WHAT YOU NEED TO DO: Retype all of the listing exactly, passing over any picture you find.

(DATA)

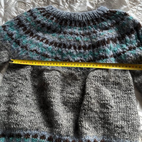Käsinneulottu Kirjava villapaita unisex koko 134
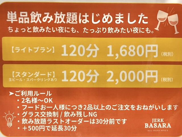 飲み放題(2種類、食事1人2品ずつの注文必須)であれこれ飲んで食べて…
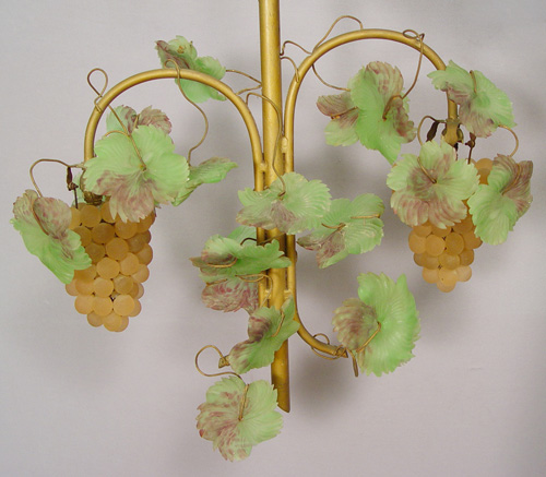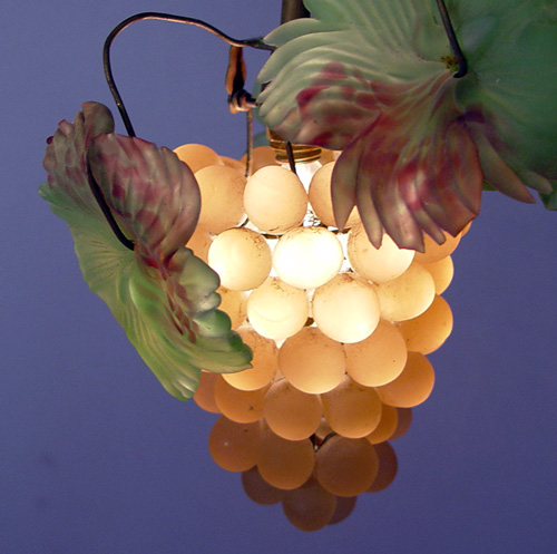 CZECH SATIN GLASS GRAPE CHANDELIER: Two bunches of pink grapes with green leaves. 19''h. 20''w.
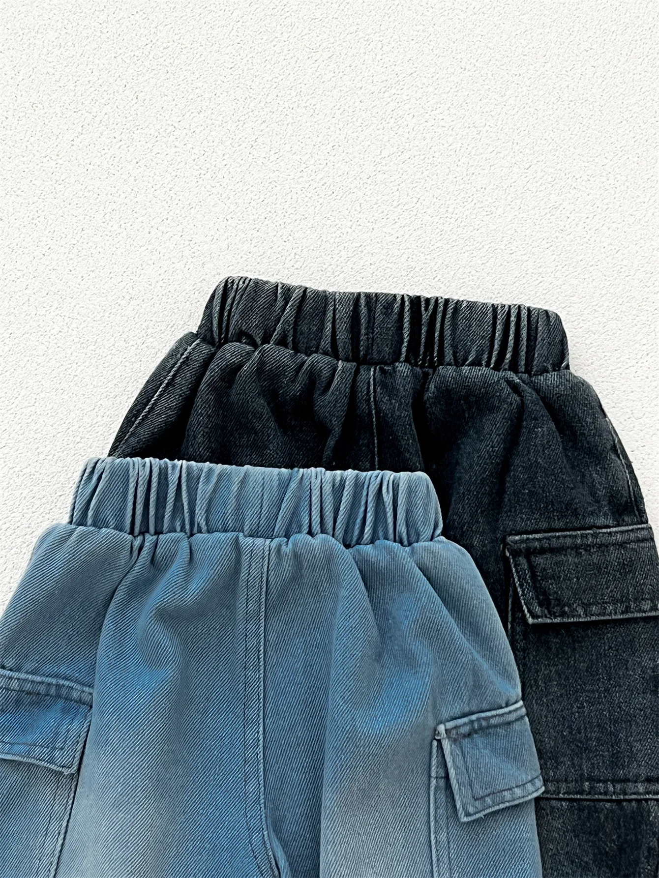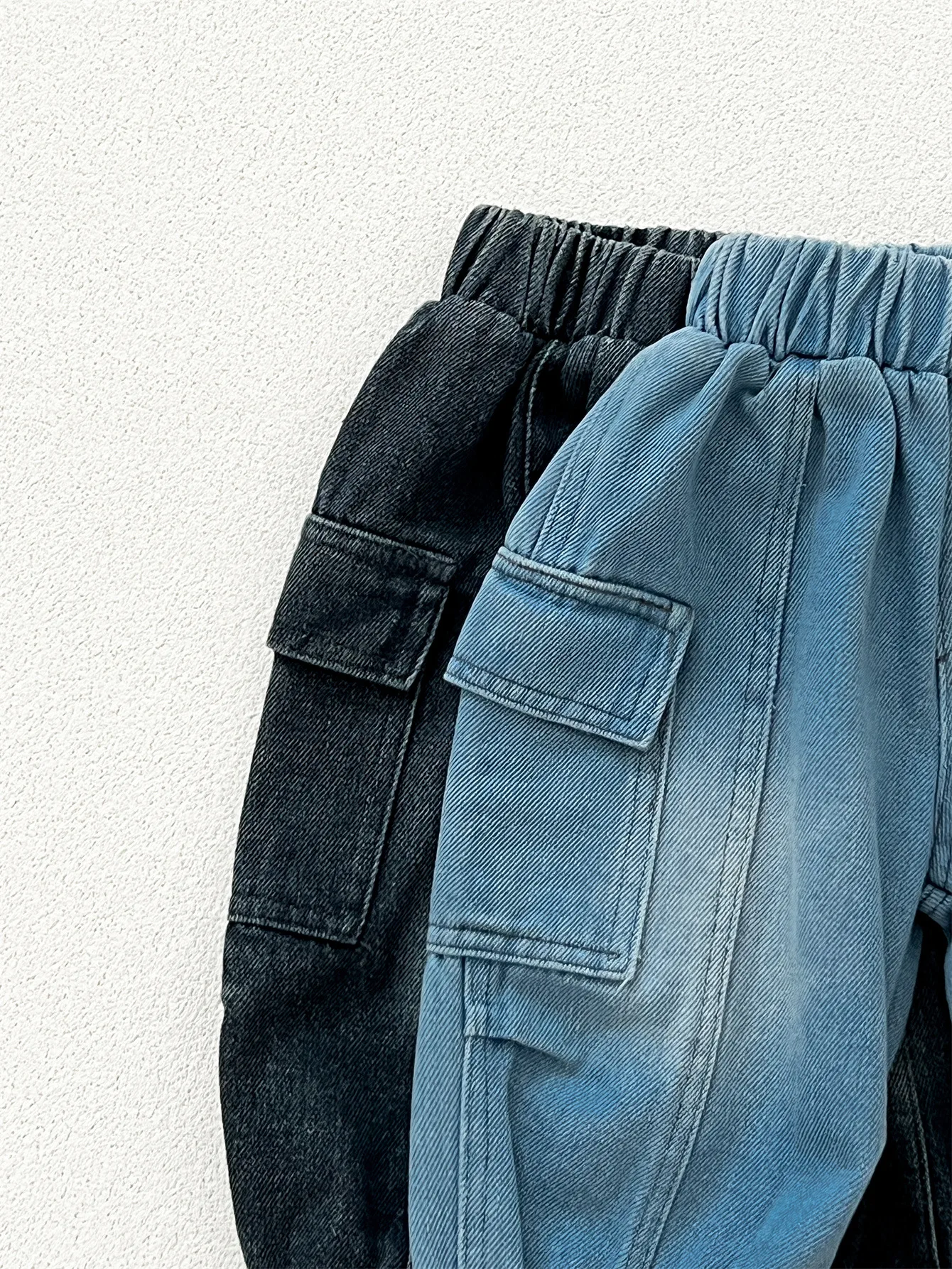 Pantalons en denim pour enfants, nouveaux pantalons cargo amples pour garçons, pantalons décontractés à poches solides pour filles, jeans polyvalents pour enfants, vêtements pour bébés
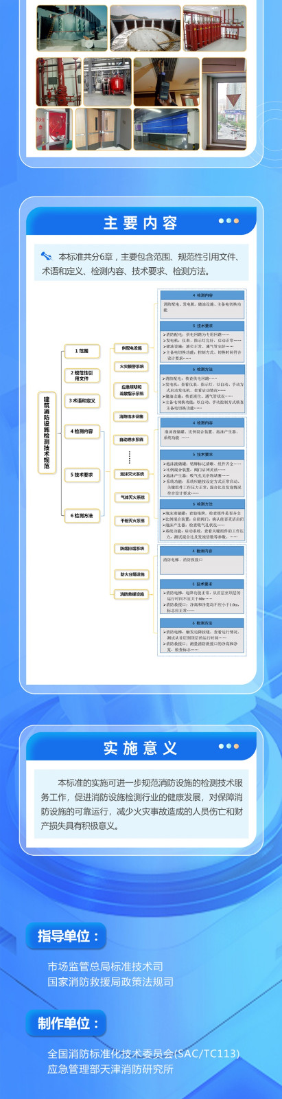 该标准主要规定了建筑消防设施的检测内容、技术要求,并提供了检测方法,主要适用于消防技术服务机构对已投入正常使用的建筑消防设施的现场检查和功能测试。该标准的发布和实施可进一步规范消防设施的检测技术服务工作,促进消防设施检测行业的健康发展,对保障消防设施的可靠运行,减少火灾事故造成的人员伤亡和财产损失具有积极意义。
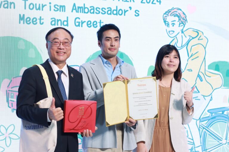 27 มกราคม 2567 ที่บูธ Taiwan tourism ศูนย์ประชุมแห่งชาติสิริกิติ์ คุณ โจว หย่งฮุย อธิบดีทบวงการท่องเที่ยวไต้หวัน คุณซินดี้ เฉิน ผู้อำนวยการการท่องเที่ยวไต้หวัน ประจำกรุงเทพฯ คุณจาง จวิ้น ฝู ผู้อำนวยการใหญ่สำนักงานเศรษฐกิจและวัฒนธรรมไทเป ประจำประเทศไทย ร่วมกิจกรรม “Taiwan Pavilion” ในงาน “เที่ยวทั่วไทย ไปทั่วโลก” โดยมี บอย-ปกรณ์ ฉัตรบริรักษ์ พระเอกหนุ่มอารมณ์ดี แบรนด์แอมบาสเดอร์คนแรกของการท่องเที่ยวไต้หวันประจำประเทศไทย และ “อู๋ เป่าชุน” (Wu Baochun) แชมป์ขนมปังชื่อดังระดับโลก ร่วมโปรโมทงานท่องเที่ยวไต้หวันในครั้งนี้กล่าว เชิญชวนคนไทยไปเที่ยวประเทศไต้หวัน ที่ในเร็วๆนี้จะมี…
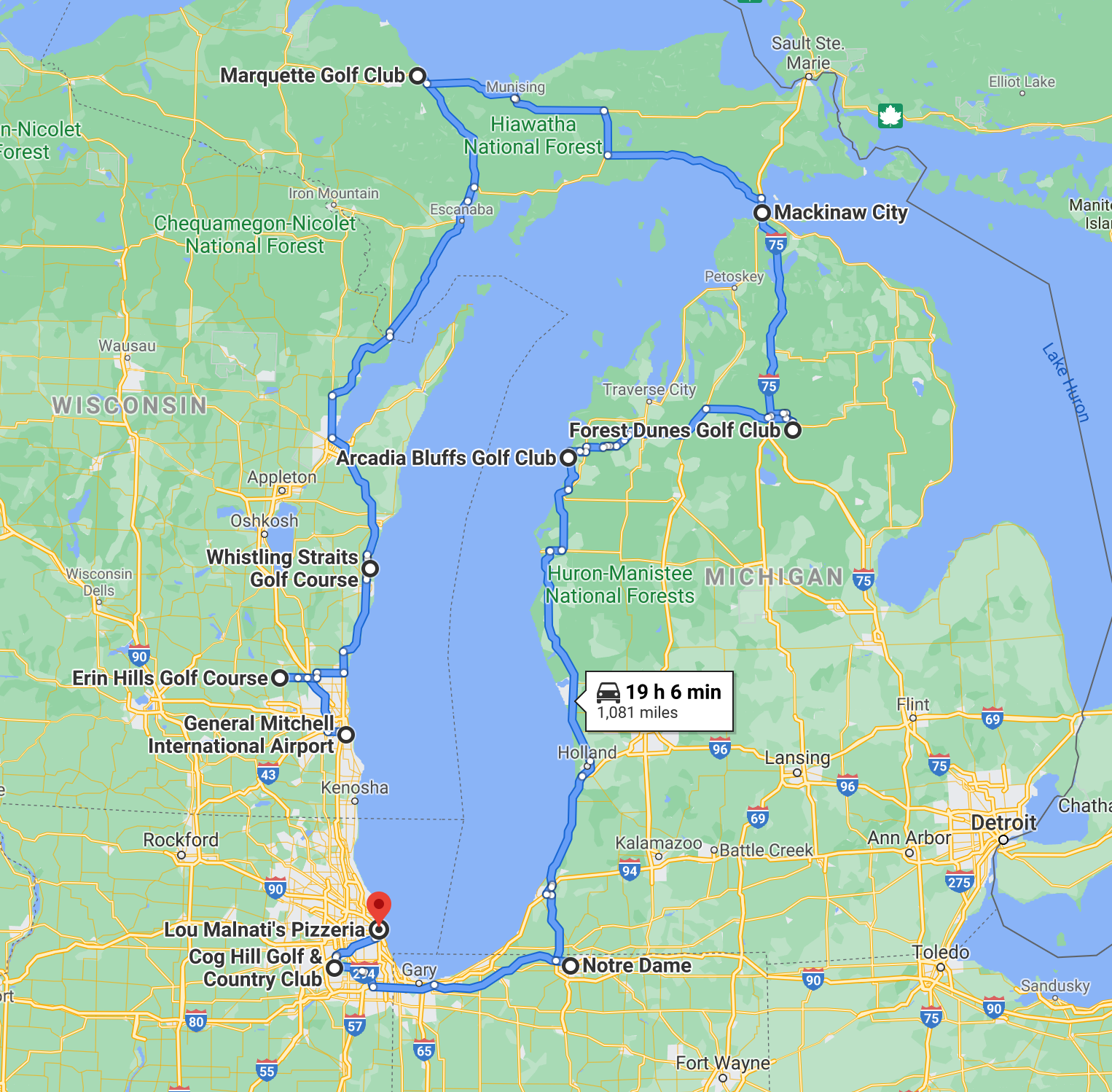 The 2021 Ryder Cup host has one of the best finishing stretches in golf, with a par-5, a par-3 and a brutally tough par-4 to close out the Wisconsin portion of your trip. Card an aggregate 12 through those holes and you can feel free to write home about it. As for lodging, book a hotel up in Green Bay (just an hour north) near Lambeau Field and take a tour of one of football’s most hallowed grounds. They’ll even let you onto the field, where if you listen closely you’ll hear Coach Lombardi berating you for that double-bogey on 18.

(End DATA)

FINISHED EXERCISE:
Käsinneulottu Kirjava villapaita unisex koko 134
 飲み放題(2種類、食事1人2品ずつの注文必須)であれこれ飲んで食べて…
 CZECH SATIN GLASS GRAPE CHANDELIER: Two bunches of pink grapes with green leaves. 19''h. 20''w.
 Pantalons en denim pour enfants, nouveaux pantalons cargo amples pour garçons, pantalons décontractés à poches solides pour filles, jeans polyvalents pour enfants, vêtements pour bébés
 该标准主要规定了建筑消防设施的检测内容、技术要求,并提供了检测方法,主要适用于消防技术服务机构对已投入正常使用的建筑消防设施的现场检查和功能测试。该标准的发布和实施可进一步规范消防设施的检测技术服务工作,促进消防设施检测行业的健康发展,对保障消防设施的可靠运行,减少火灾事故造成的人员伤亡和财产损失具有积极意义。
 27 มกราคม 2567 ที่บูธ Taiwan tourism ศูนย์ประชุมแห่งชาติสิริกิติ์ คุณ โจว หย่งฮุย อธิบดีทบวงการท่องเที่ยวไต้หวัน คุณซินดี้ เฉิน ผู้อำนวยการการท่องเที่ยวไต้หวัน ประจำกรุงเทพฯ คุณจาง จวิ้น ฝู ผู้อำนวยการใหญ่สำนักงานเศรษฐกิจและวัฒนธรรมไทเป ประจำประเทศไทย ร่วมกิจกรรม “Taiwan Pavilion” ในงาน “เที่ยวทั่วไทย ไปทั่วโลก” โดยมี บอย-ปกรณ์ ฉัตรบริรักษ์ พระเอกหนุ่มอารมณ์ดี แบรนด์แอมบาสเดอร์คนแรกของการท่องเที่ยวไต้หวันประจำประเทศไทย และ “อู๋ เป่าชุน” (Wu Baochun) แชมป์ขนมปังชื่อดังระดับโลก ร่วมโปรโมทงานท่องเที่ยวไต้หวันในครั้งนี้กล่าว เชิญชวนคนไทยไปเที่ยวประเทศไต้หวัน ที่ในเร็วๆนี้จะมี…
 The 2021 Ryder Cup host has one of the best finishing stretches in golf, with a par-5, a par-3 and a brutally tough par-4 to close out the Wisconsin portion of your trip. Card an aggregate 12 through those holes and you can feel free to write home about it. As for lodging, book a hotel up in Green Bay (just an hour north) near Lambeau Field and take a tour of one of football’s most hallowed grounds. They’ll even let you onto the field, where if you listen closely you’ll hear Coach Lombardi berating you for that double-bogey on 18.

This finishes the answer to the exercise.